On the train back from MO I had some time to read John Steele Gordan's History of American Economic Power (or something like that, sorry). Also been poking through Karl Barth's Preaching Through the Christian Year, his section on "Man and Woman"--the exegesis of one flesh. Also Bonhoeffer's new DBW Edition of Ethics . I've read the Intro and Afterword and earlier and then poked through "Heritage and Decay" last night. Much less troublesome for me than "Ethics as Formation." Also poking through Cardinal's manager Whitey Herzog's White Rat. How's that for a changeup?!! Go Sox and Cards. Please let it be in 2005. Not that I'm really even watching baseball much. I'm such a fairweather fan. Also reading Karl Barth's Theological Exegesis. I want to prepare a huge review bonanza on Barth for Cornerstonemag.com like I did for Bonhoeffer earlier this year. I could do it in December when he died or for the 120th anniversary of his birth in May '06. Either way I really need to know my stuff for this review and do it carefully and attentively as a layman with his cards clearly on the table.
The print deadline for the book we're publishing Season of Joy by Jim Benes is due Tuesday! Pray for me as I work my tail off this weekend. Hopefully a gang of us will be working. . . but we'll see.
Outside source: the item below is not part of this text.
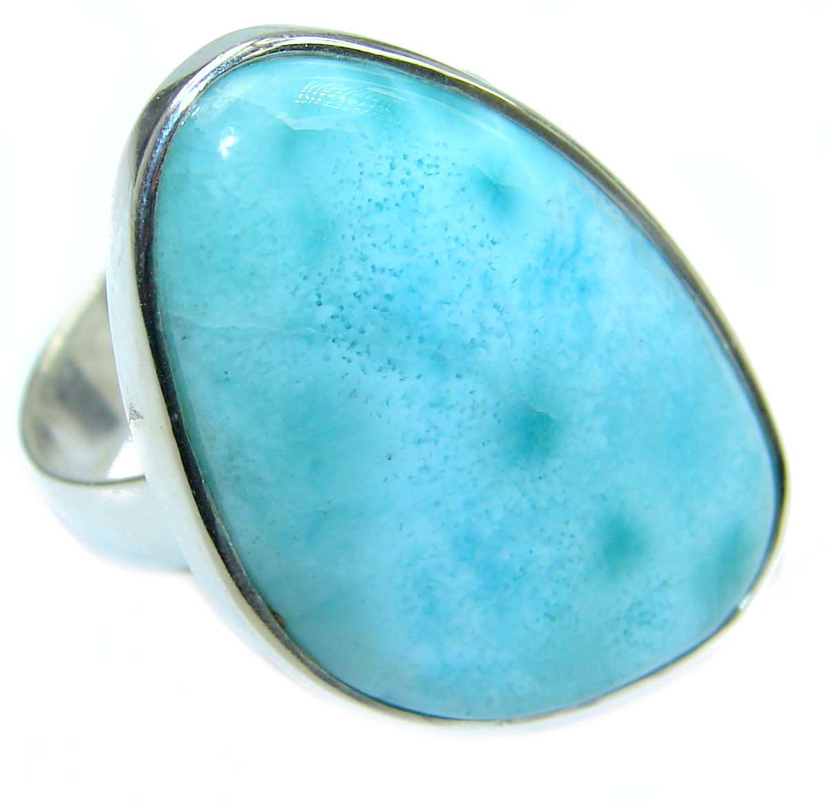 Natural Larimar .925 Sterling Silver handcrafted Ring s. 8 adjustable

On play is John Prine's song "Other Side of Town" from his album "Fair and Square." The thrill of his song "Some Humans Ain't Human" has long worn off now. It only serves to remind me to pray for humans I'm so quick to criticize and I'm startin to see those other five fingers pointing back at me. The song goes:

"Some humans ain't human/some people ain't kind/you open up their hearts /and here's what you find/a few frozen pizzas/some icecubes with hair/a broken popcicle/you don't wanna go there"

and then it goes on basically comiserating over the resentments us liberals no doubt feel all the time toward folks in power, our neighbors, and other folks in church. While I sympathize with the sentiment I pity the singer if he's unable to see his own judgemental attitude in the song.

The Twelve Steps teach that when I'm not at peace something's wrong with me. Socially and politically there's constant unrest with me and I'm sure all Americans with their eyes open. May I reach out for prayer for my government and myself during these fearful times. Its so easy to accuse, and sink into insanity and resentment. God help me to pray.